Design of evaluation metrics for physical testing
Summary
Design of evaluation metrics for physical testing
S00108
Version: 1.11
- arable farming
- horticulture
- viticulture
- test design
- design/documentation; other (including: nothing)
- Location: at user’s premises; in Italy
- Offered by: POLIMI; UNIMI
Description
Any test activity involves three main components, i.e.: environment (where the tests take place), protocol (definining what tests are executed and how) and evaluation metrics (used to assess the results of the tests).
This service is aimed at designing the best metrics to evaluate the performance of a customer solution, taking into consideration the use cases specified by the customer and the environment and protocol for the tests (e.g., defined via services S00106 and S00107).
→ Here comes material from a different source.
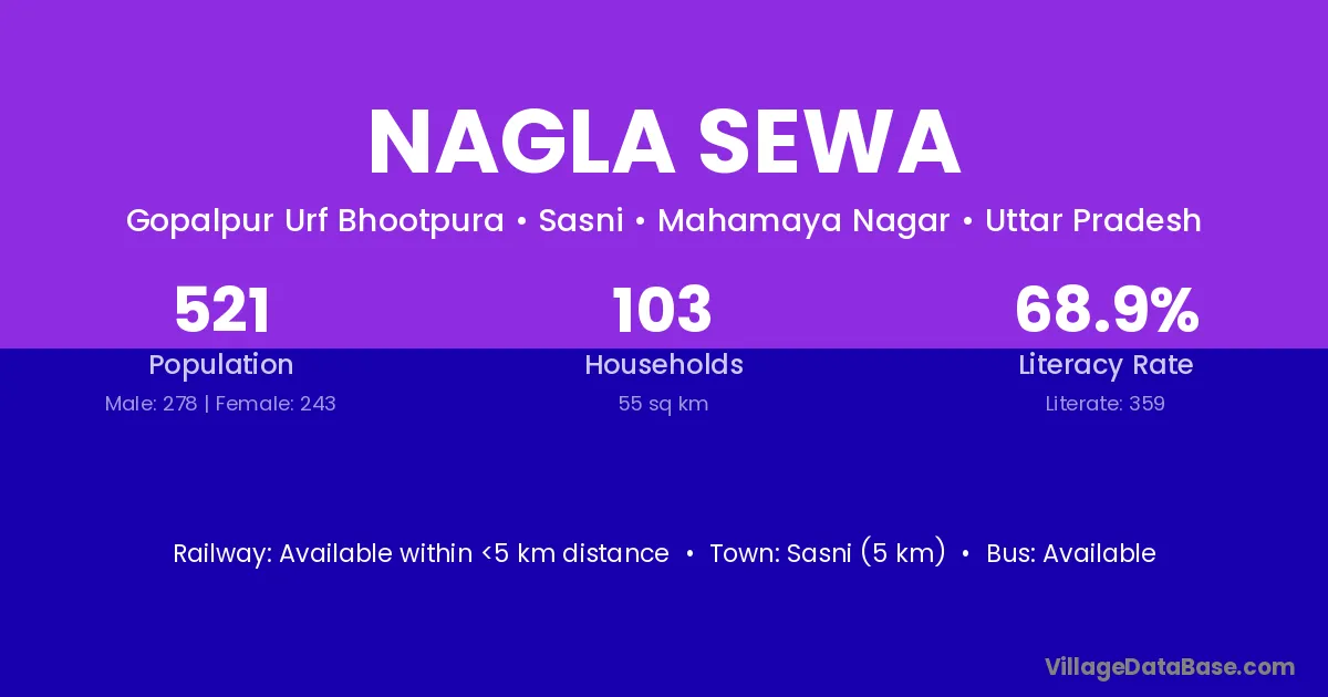 Sasni (5 km) is the nearest town to Nagla Sewa village for major economic activities and is located approximately 5 km away.

Our team will identify and define with customers the most adequate set of quantitative (i.e., based on instrumental measurements) and/or qualitative (i.e., relying on expert human judgement) metrics to assess the system functionalities of interest.
Based on the defined evaluation metrics, a set of requirements for the collection of data and ground truth annotations will also be defined accordingly. For instance, the service may lay out the specifications for dedicated data collection campaigns (possibly executed via service S00113).
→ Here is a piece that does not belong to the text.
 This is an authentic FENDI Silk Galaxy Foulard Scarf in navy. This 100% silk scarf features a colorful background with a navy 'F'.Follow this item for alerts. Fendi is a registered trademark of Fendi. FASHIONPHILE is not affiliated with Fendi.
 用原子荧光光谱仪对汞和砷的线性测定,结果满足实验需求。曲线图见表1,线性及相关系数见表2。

Analyses on additional environmental factors than those directly tracked through the designed metrics (e.g., seasonal effects, impact of test distribution over time on results, based on the protocol defined e.g. through service S00107) can also be provided on request and re-defined based on initial test results.
Example service: The customer is interested in measuring the capability of a Computer Vision model to discriminate weeds from crops on RGB images. Consequently, a set of objective evaluation metrics gets designed to describe the quality of predictions, including classification accuracy, precision, and recall scores for all “crop” and “weed” instances observed in the testing environment. The customer is also interested in measuring indicators such as “how often is Matricaria Chamomilla mistaken for Bean crops?”. Thus, quality of prediction scores also are computed not only at the macro level (“crop” vs. “weed”) but also for individual plant species (“Bean” vs. “Matricaria”). Based on these metrics, a balanced collection of crop and weed images will need to be prepared (e.g., through a dedicated data collection campaign - via service S00113 - followed by a suitable data annotation - via service S00115 - or augmenting existing data with additional examples - via service S00115): therefore the output of the service includes detailed information about the necessary data collection activities.